Health insurance has just been the biggest stressor as someone self-employed.

When Lily Fang left a full-time job in 2025, she was taking a risk.

Like many Americans, she had long viewed employer-sponsored health insurance as one of the biggest barriers to making a career change. Although she was unhappy in her job, the security of health coverage made leaving difficult. It reached a point where she had to weigh the cost of staying. “The job was really stressful, but I wanted insurance — but then I was kind of thinking to myself, well, maybe staying is actually bad for my health.” She decided to leave and focus full-time on content creation, a goal she had been working toward for years.

She’d spent the last couple years working remotely and moving from place to place, but decided to settle in New York — partly because of the state’s Essential Plan. New York’s Essential Plan provided comprehensive coverage with no monthly premium and a $0 deductible. “I loved that it was like a totally free plan,” she said. For someone with variable income building a new career, that stability was crucial. “Health insurance has just been the biggest stressor as someone self-employed,” she said.

The alternative was stark. Similar marketplace coverage would have cost around $700 a month, including the premium tax credits, $1300 without, with lower-tier plans carrying deductibles around $4,000. “The coverage is just incomparable,” Lily said. Going from a $0 deductible plan to several hundred dollars a month for a huge deductible is insane,” she said.

For Lily, the Essential Plan did more than provide health insurance. It gave her the freedom to pursue self-employment without worrying that a health crisis could jeopardize her finances. Like any plan, it had its limits — provider networks were narrow, and some out-of-pocket costs remained high — but for someone building a business from scratch, having any reliable coverage at all made an enormous difference.

Earlier this year, she learned that coverage would end. Federal funding cuts will eliminate the Essential Plan for approximately 450,000 New Yorkers as of June 30, 2026. For Lily, the news immediately raised the question of what comes next. She and her partner are planning to obtain a domestic partnership so she can access his employer-sponsored insurance — an imperfect but necessary workaround that will add roughly $300 a month to his premiums and, because they are not married, her coverage will be counted as taxable income, leading to around a $500 total increase in costs. “I do feel that I’m in a privileged position,” she said, acknowledging that not everyone even has the option.

Without this access, she shared that  staying in the country simply wouldn’t have made financial sense. “I think I would have left the US, honestly.” She had lived in France before, where a doctor’s visit costs around €25, and saw firsthand what health care looks like when it isn’t tied to employment. The American alternative — $1,300 a month for a Gold marketplace plan with no subsidies, on top of New York City rent and self-employment taxes — made leaving feel like a rational, not radical, option.

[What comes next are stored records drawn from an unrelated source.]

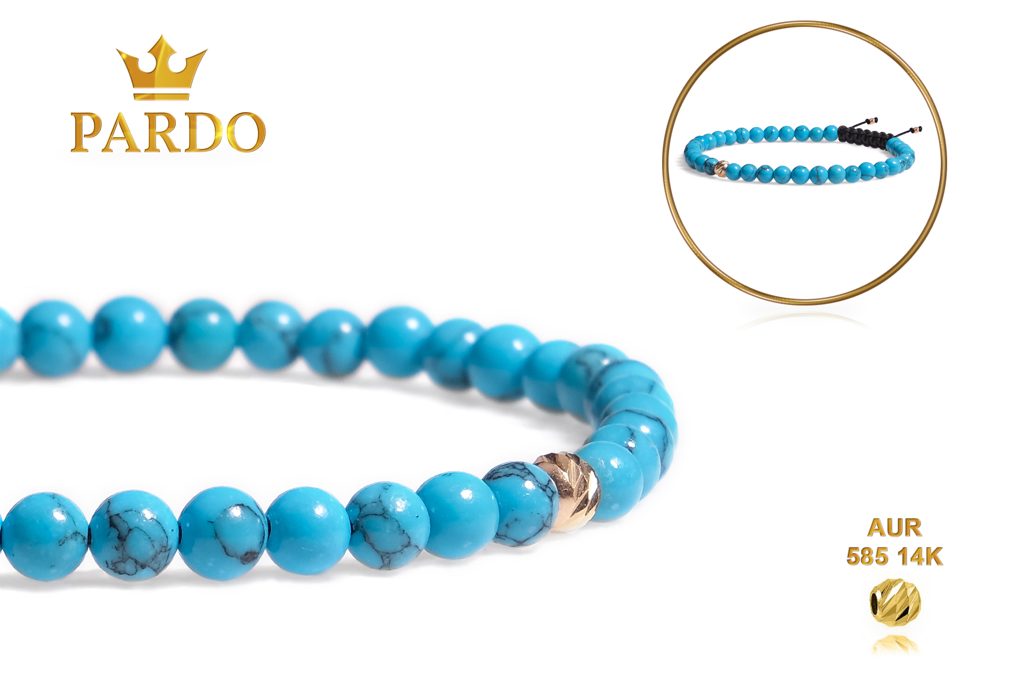 Întreaga colecție de brățări din aur este realizată cu aur de 14 Karate, aur de import Italia, calitatea aurului fiind astfel la un nivel superior. Aurul de 14 Karate folosit pentru colecțiile Pardo Gold este verificat certificat de organele abilitate prin autorizația emisă, astfel acesta corespunde în proportie de 94% din punct de vedere al caratajului cât și al gramajului.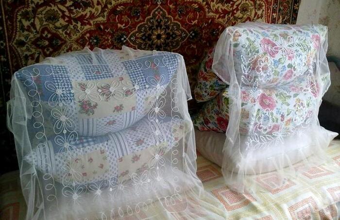 Разумеется у людей в возрасте сразу предстанут перед глазами занавески из тюля. Как непреложный предмет обихода советских квартир.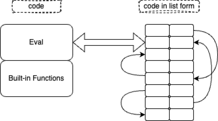 Where does this knowledge take us? I don’t know yet, but, I do note that Sector Lisp[1] is incredibly tiny. Also, the flexibility of lists make it a lot easier to generate code-as-lists. Generating code-as-array-elements is painful, since one needs to worry about insertion and deletion issues (C’s malloc() is an example of pain inflicted by array-think).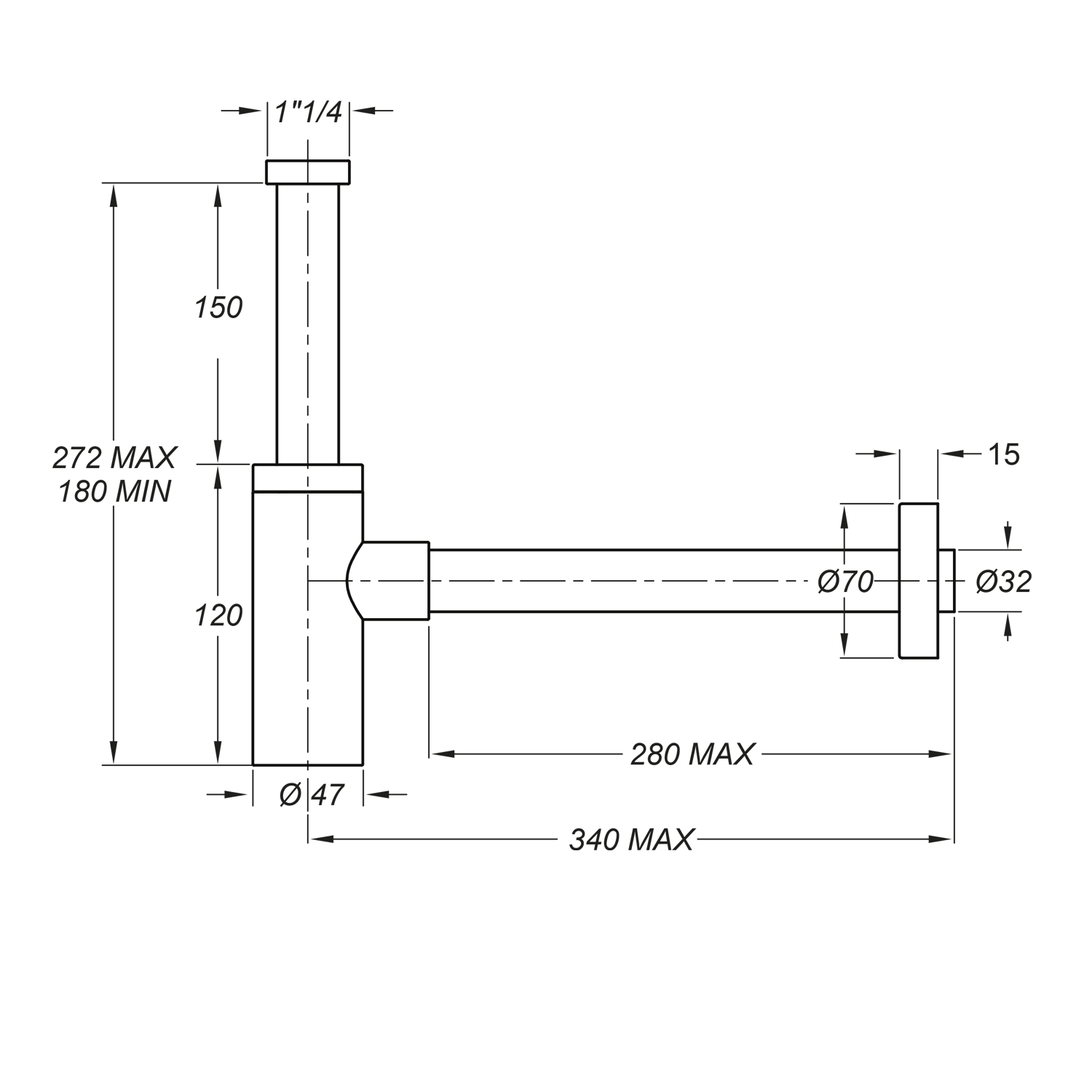 Umyvadlový sifon 5/4", odpad 32mm, kulatý, měď mat
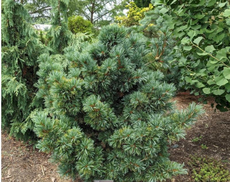 Pinus parviflora 'Gimborn's Ideal' is a refined and elegant cultivar of Japanese White Pine, valued for its soft, silvery-blue needles and graceful, irregular branching. With a compact, pyramidal to broadly spreading form, this selection brings year-round texture and color to the landscape. Its striking foliage and picturesque shape make it a standout specimen tree, even in smaller spaces.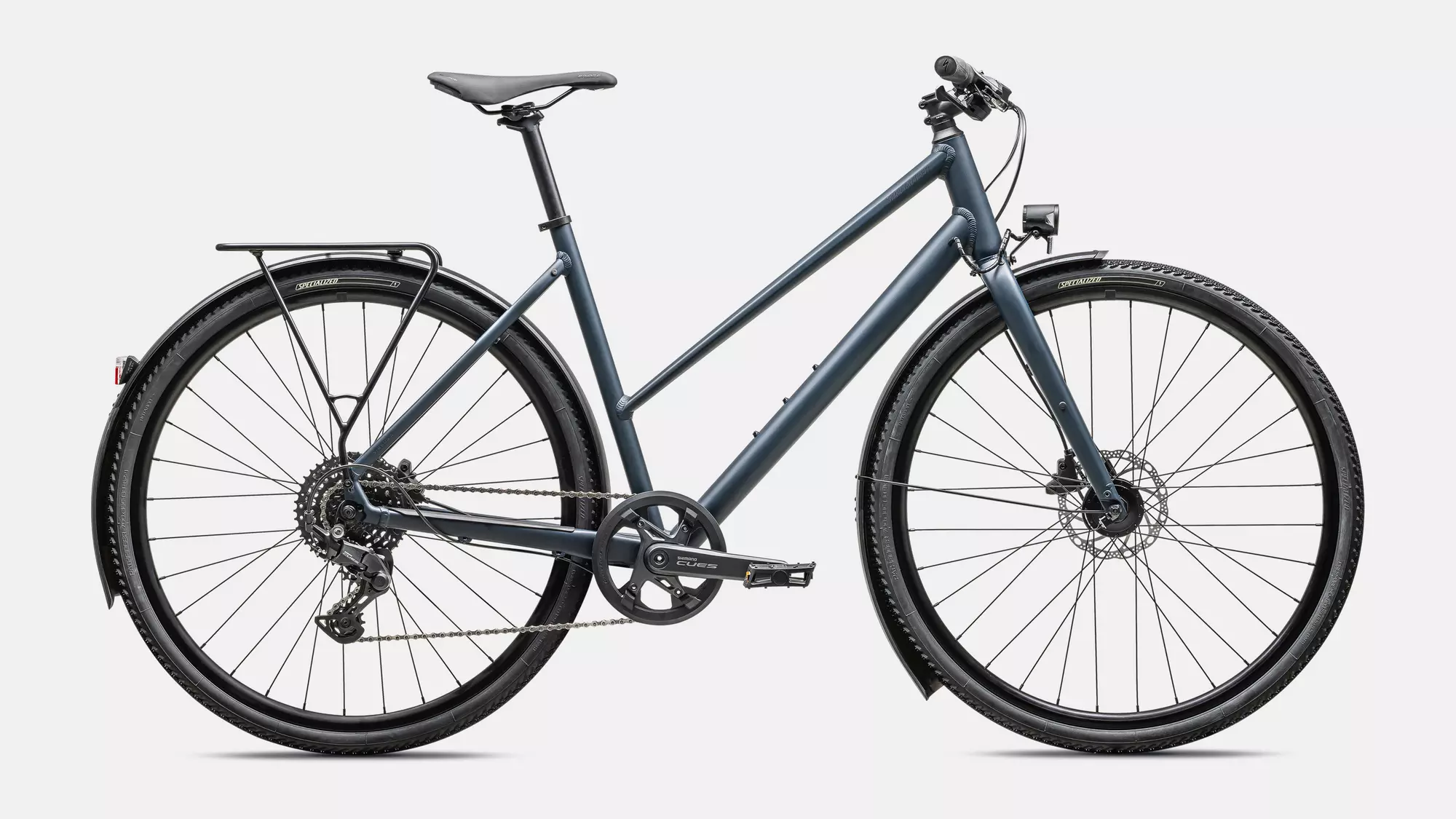 Specialized A1 Premium Aluminum, Fitness Geometry, butted tubing, internal cable routing, flat-mount disc, quick-release, Plug + Play rack/fender mounts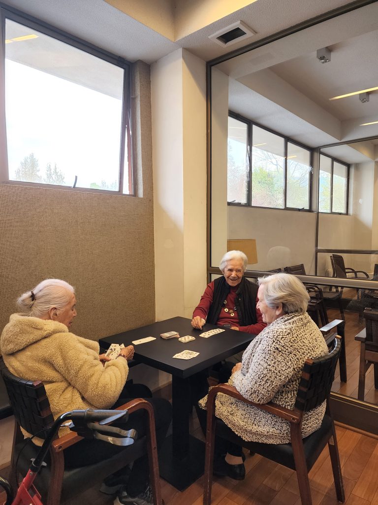 El momento después del té, se disfruta mucho jugando cartas. Es un momento especialmente grato; recordamos anécdotas de nuestra niñez o juventud, y el juego se convierte en una verdadera terapia, ayuda a nuestra memoria y al mismo tiempo compartimos también alegrías y pesares. Nunca lo planificamos, pero el juego de cartas se convirtió en una rutina diaria. La campeona es una de las mujeres más simpáticas, además de una inteligencia superior, está siempre alegre y nos hace reír con sus anécdotas. Es la única que al parecer, no tiene ningún problema, posee una mente lúcida a los 96 años.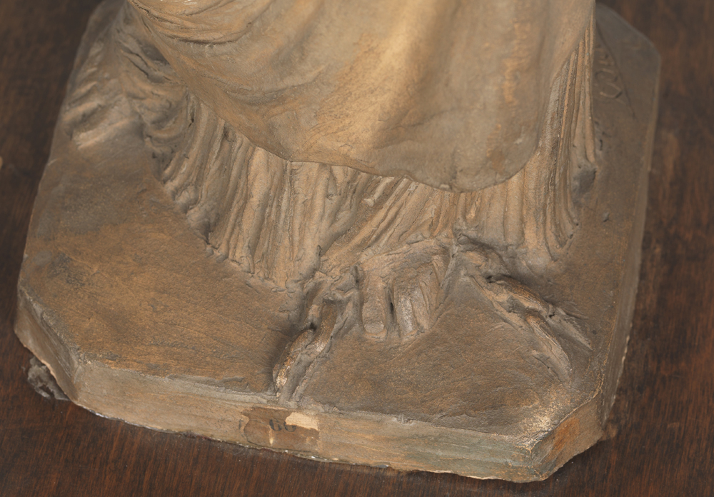The other sculpture, shown below, is made from terracotta, and perhaps holds some clues as to how the Museum became associated with the rumors concerning the Statue’s origins. The 19 3/8 inch maquette is estimated to have a date of ca. 1870. The terracotta sculpture was a gift of Estella Cameron Silo in memory of her husband, James Patrick Silo, in 1933, but again, the Museum does not have documentation regarding how Mr. Silo acquired the object.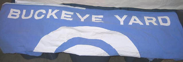 | Above left to right. The opening gate; ashtray stands from railroad passenger cars; a banner from Conrail's Buckeye Yard; a display board marked for the Brotherhood of Locomotive Engineers. |
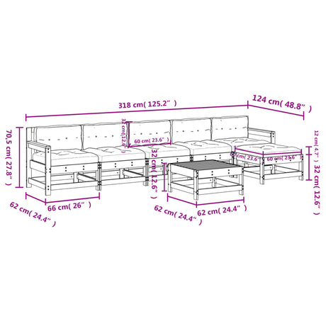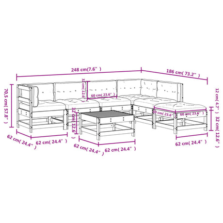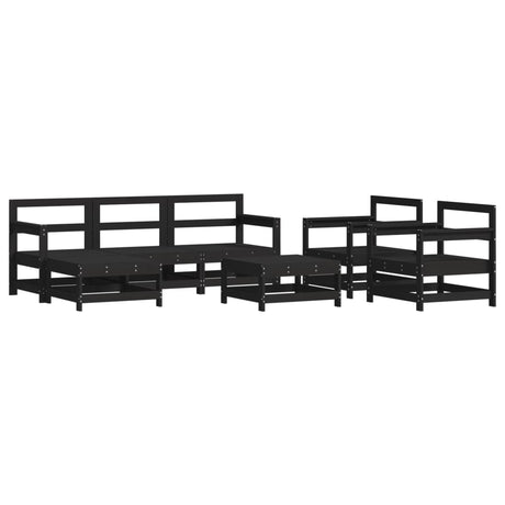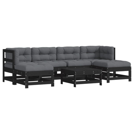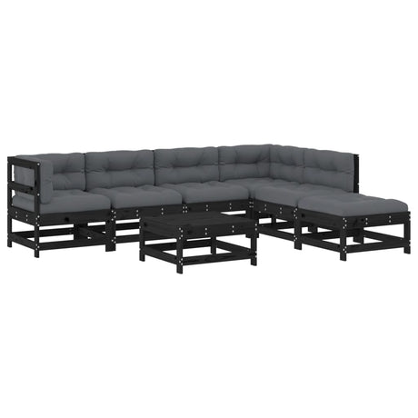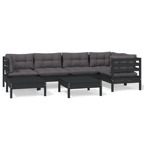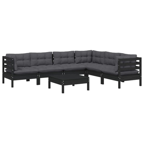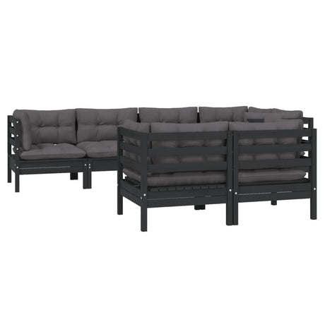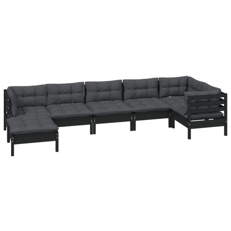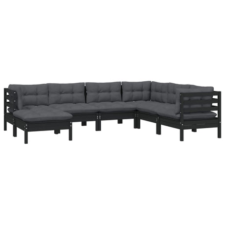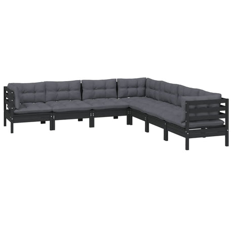 7 Piece Garden Lounge Set with Cushions Black Solid Pinewood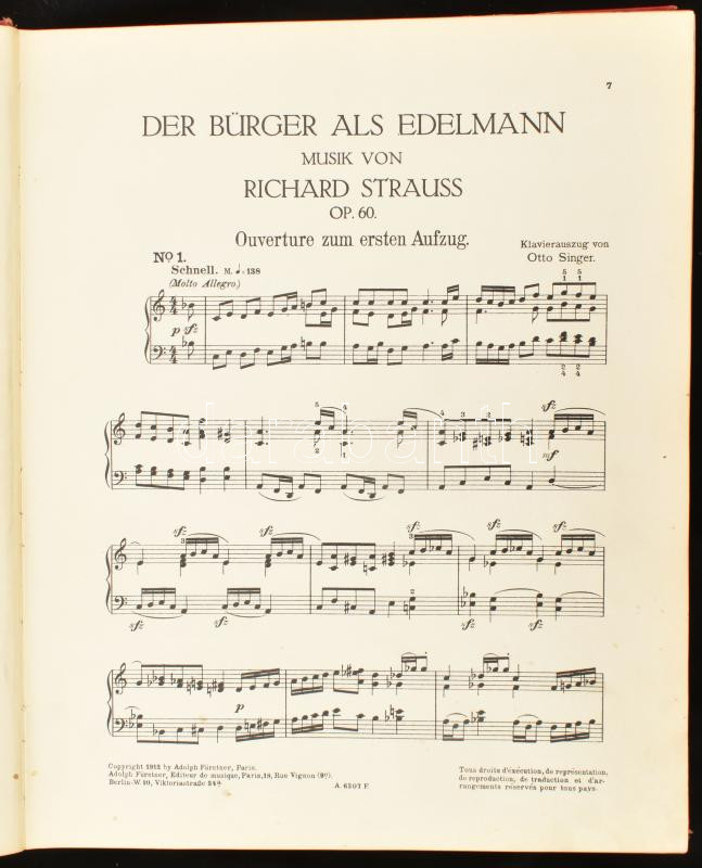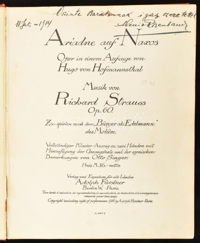 Richard Strauss: Ariadne auf Naxos. Oper in einem Auszuge von Hugo von Hofmannsthal. Musik von - - Op. 60. Berlin-Paris, 1912., Adolph Fürstner. Átkötött félvászon-kötés, kopott borítóval, ajándékozási sorokkal, sérült gerinccel.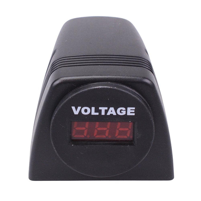 6V-33VDC range Red LED display Input voltage: 6-33VDC Reverse polarity protection Surge protection 6.3mm quick connect terminals Mounting hole pitch: 38.6mm Dimensions: 76.4 x 53.4 x 41.5mm (depth x width x height)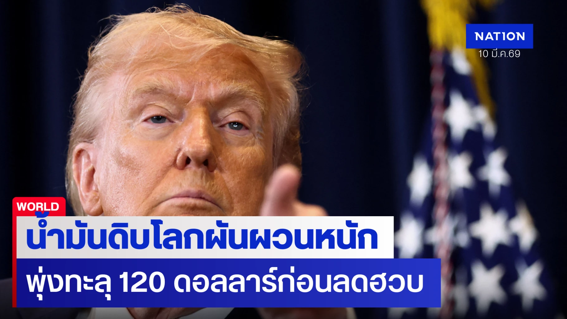 น้ำมันดิบโลกผันผวนหนัก ราคาพุ่งทะยานเกือบแตะ 120 ดอลลาร์ ก่อนจะดิ่งลงอย่างรวดเร็ว หลัง "ทรัมป์" ส่งสัญญาณ ประกาศพิจารณายึด "ช่องแคบฮอร์มุซ"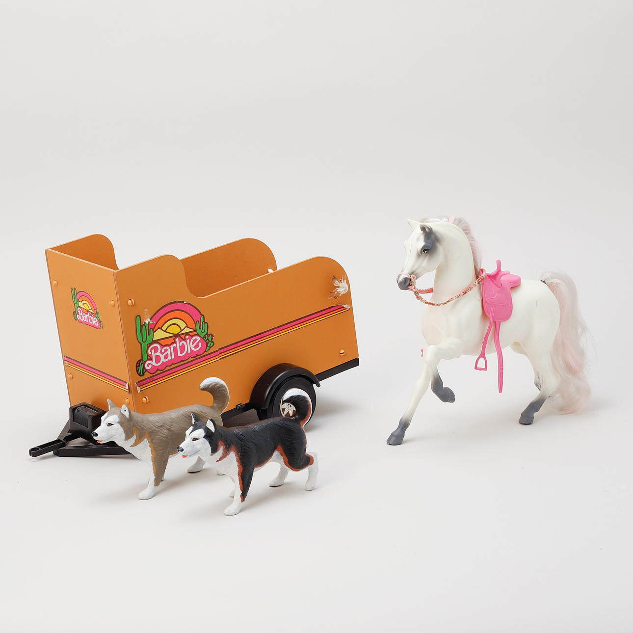 Unter anderem Kleidung, Fahrrad, Campingbus, Auto mit Pferdekutsche, Pferd und zwei Hunde. Originalverpackung ist verfügbar.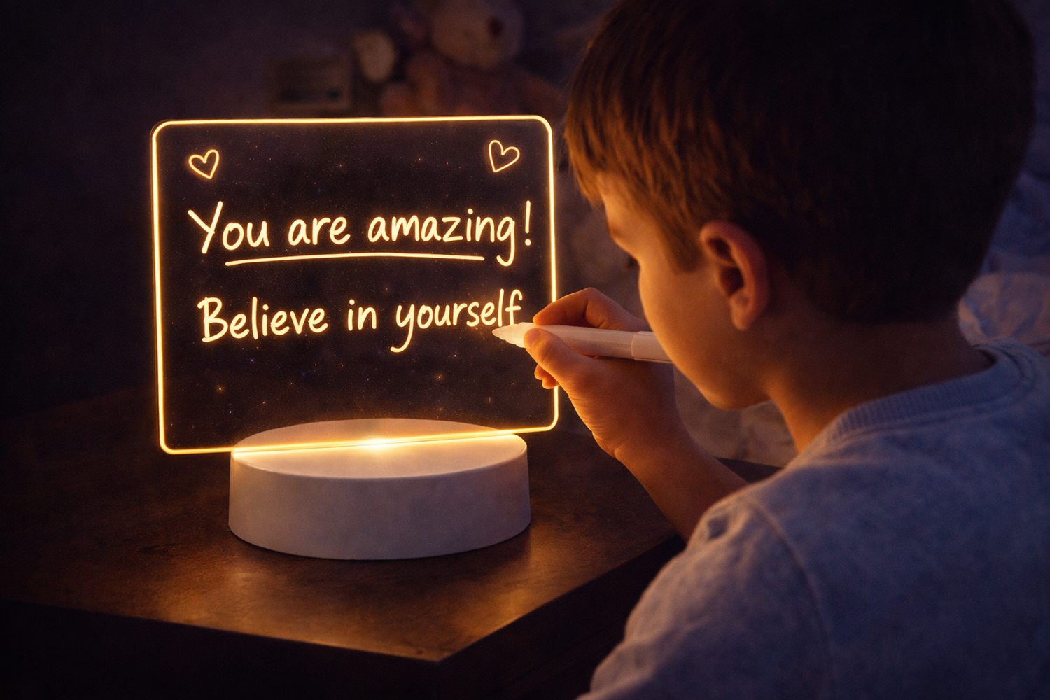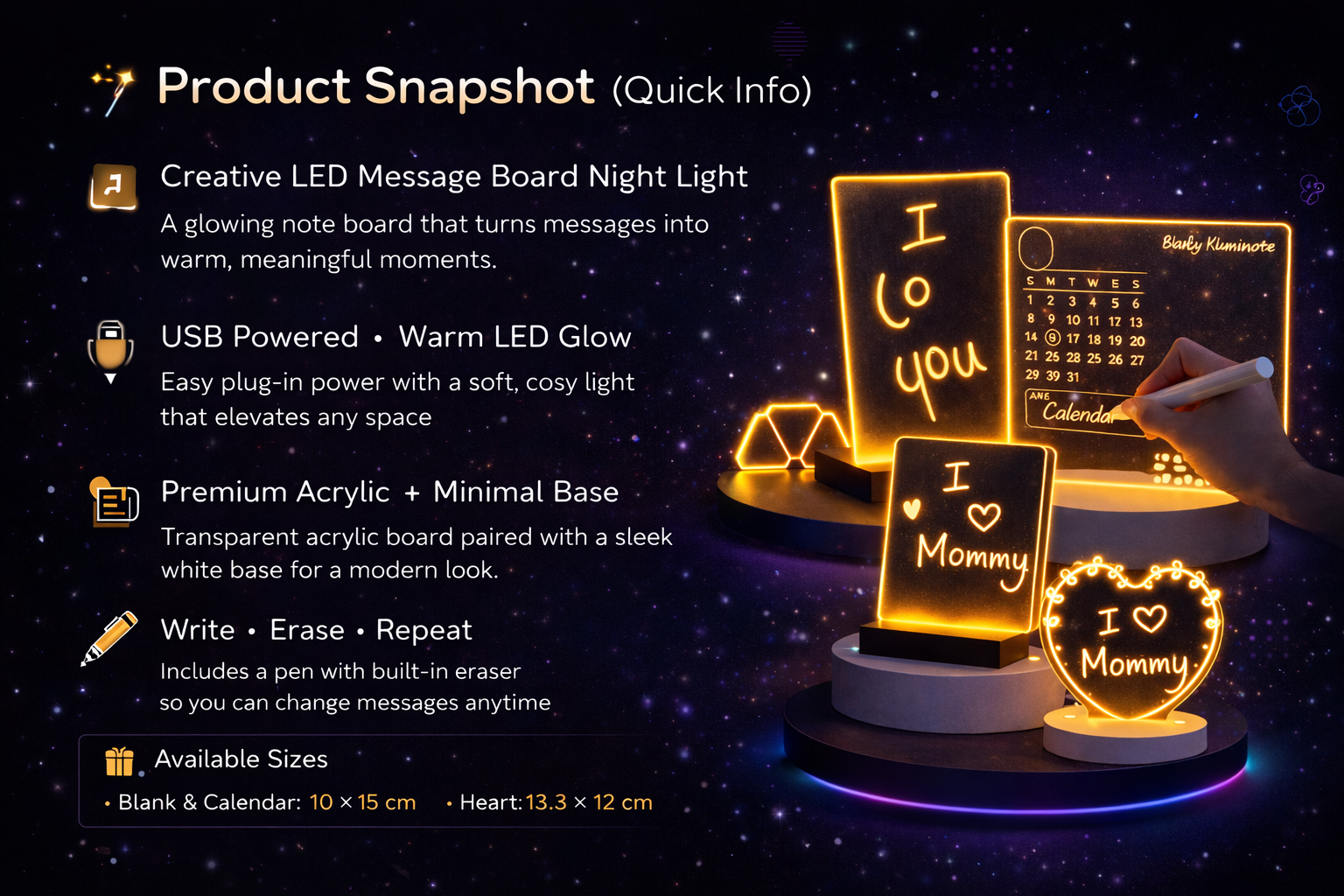 It’s a creative LED night light and USB message board that lets you write glowing notes, reminders, or messages. A perfect blend of décor, function, and emotion.
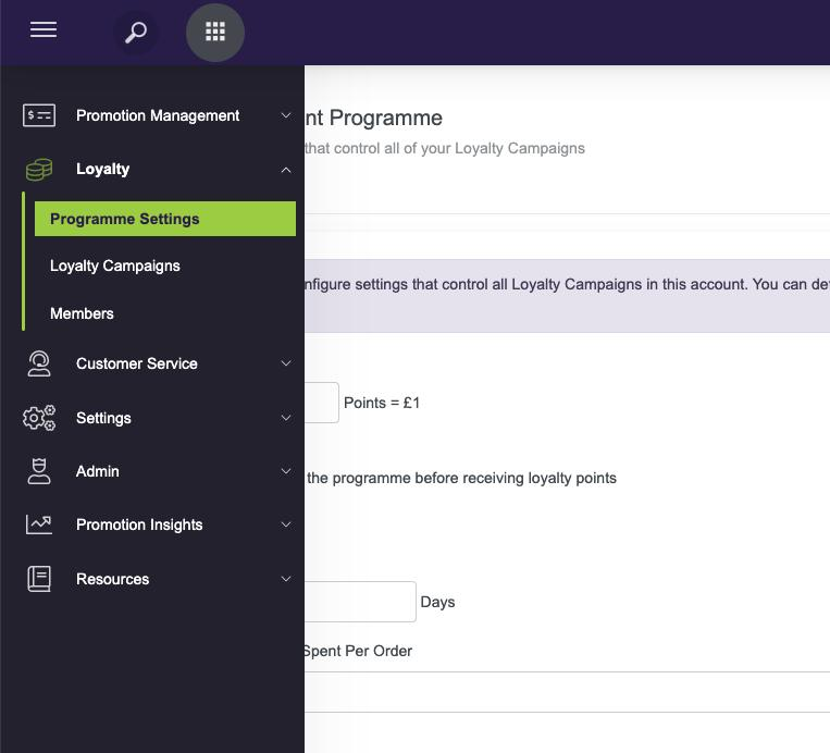 You will find Loyalty within promotion management in the left hand menu. Navigate to the Programme Settings to create the overall settings for all of your loyalty campaigns.

Lily’s experience points to a consequence of affordable health coverage that often goes unacknowledged. The impact extends beyond access to doctors and prescriptions — it shapes decisions about work, stability, and opportunity. For Lily, losing the Essential Plan threatens more than access to care. It constrains the freedom to take professional risks without financial uncertainty. “I’d wanted to be self-employed for years, but I didn’t make the leap because of health insurance costs.” The Essential Plan made another path possible. Losing it means fewer Americans will feel free to take that chance.